Get travel insurance with us today.

In just a few steps, we'll connect you with our verified partner, so you can secure the travel coverage you need for an affordable rate.

How to claim travel medical insurance

You can claim this tax credit if you have eligible medical expenses for:

  • Yourself
  • Your spouse or common-law partner
  • Your children under 18
  • Certain other dependants (like parents, grandparents, siblings, etc.).

If you have a spouse and a common-law partner, you can only claim medical expenses for one, not both.

How is the medical expense tax credit calculated?

The tax credit is 15% of the total eligible medical expenses that exceed the lower of:

  • A fixed amount (which changes yearly).
  • 3% of your net income for the year.

For other dependants (e.g., parents, grandparents), the tax credit is based on 3% of their net income instead of yours.

Who counts as a dependant?

  • A child, grandchild, parent, grandparent, sibling, uncle, aunt, niece, or nephew who depends on you for support (food, shelter, clothing, etc.) and lives in Canada (unless they are your child or grandchild).
  • Children under 18 are not considered dependants for this purpose because their expenses are already covered under your main claim.
  • If you paid for a spouse’s or dependant’s medical expenses while still your spouse/dependant, you can claim them even if they are no longer your spouse or dependant when you file your taxes.
  • Either spouse/common-law partner can claim the total medical expenses for the family.

Conditions for claiming travel medical expenses

To qualify for the tax credit:

  • The medical costs must be eligible under tax rules.
  • You or your legal representative must have paid the expenses.
  • The expenses must have been paid within 12 months ending in the tax year (or 24 months if the patient passed away).
  • The expenses cannot have already been used for another tax deduction.
  • You must have receipts as proof.
  • The expenses must not have been reimbursed by insurance or another source.

Consult a tax professional if you’re not sure about your eligibility.
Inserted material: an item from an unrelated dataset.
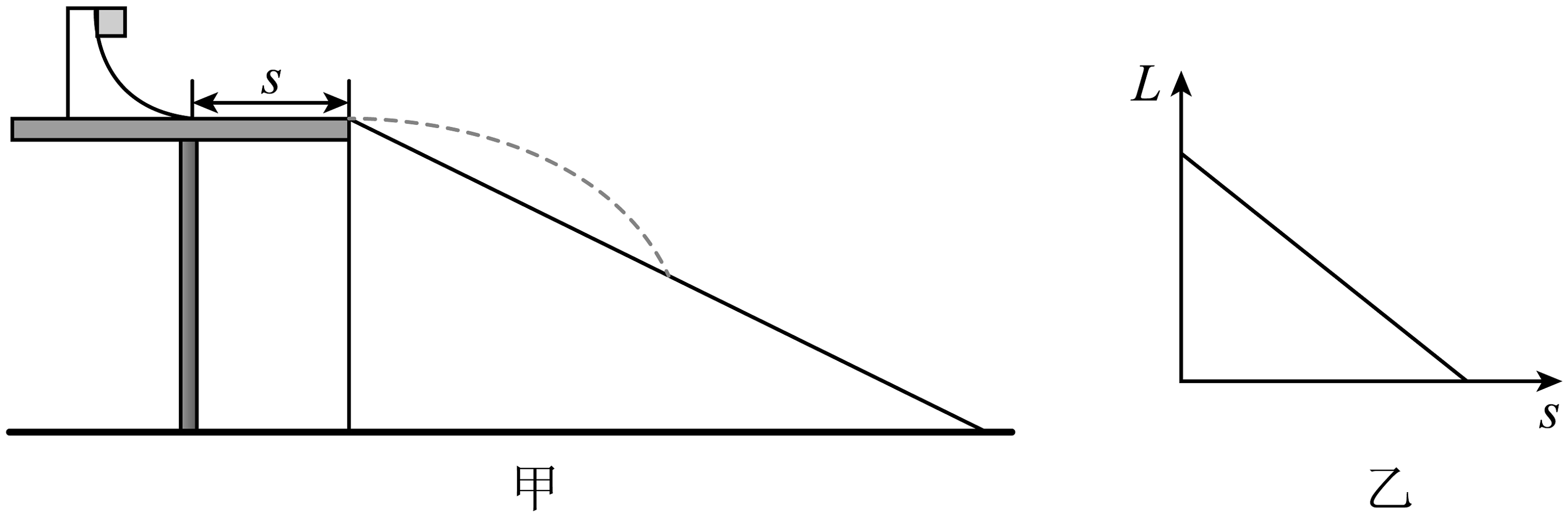 2、某同学利用如图甲所示的装置完成了动摩擦因数的测量,一斜面体的顶端与桌面等高,并紧靠在一起,弧形槽固定在桌面上,槽的底端与桌面相切,物体由弧形槽的最高点无初速释放,在桌面上滑行一段距离后离开桌面,经过一段时间落在斜面体上,测量出弧形槽的底端到桌面边缘的距离s,物体在斜面体上的落地点到桌面边缘的距离为L。改变弧形槽的固定点,物体仍由弧形槽的最高点无初速释放,重复操作,得出多组s、L的实验数据,利用得到的数据描画出如图乙所示的图像。(1)、物体每次由弧形槽的最高点无初速释放,这样做的目的是。(2)、为了完成实验,还应测量的物理量有______。A、物体的质量 B、斜面体的倾角 C、弧形槽的半径 D、释放点到桌面的高度(3)、根据数据得到的图像如图乙所示,已知图线斜率的绝对值为 , 则动摩擦因数为。(用已知量和需要测量的物理量表示)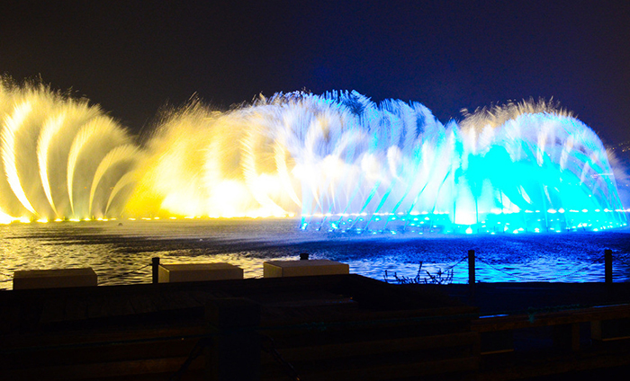 ,燈光、水幕、音樂交織在一起,面前展開了一個(gè)如夢(mèng)似幻的世界.

Keep a record of your expenses

Using the tax credit takes a bit of preparation. Always keep detailed records of your expenses and hold on to all receipts, ensuring they clearly show the name of the company you paid. However, do not send these documents with your tax return, just keep them if the CRA asks to see them later. Generally speaking, you must keep all required records and supporting documents for six years from the end of the last tax year they relate to. Visit Revenu Québec and the CRA for more information.

The bottom line

Travel insurance isn’t just a smart way to protect yourself from unexpected medical costs; you can also use the medical portion to reduce your overall tax burden with the Medical Expense Tax Credit. Whether you're a frequent traveler or planning a one-time trip, claiming the eligible portion of your travel insurance costs can help you save money while staying protected. Consult with a tax professional to ensure you maximize your deductions and meet all CRA requirements.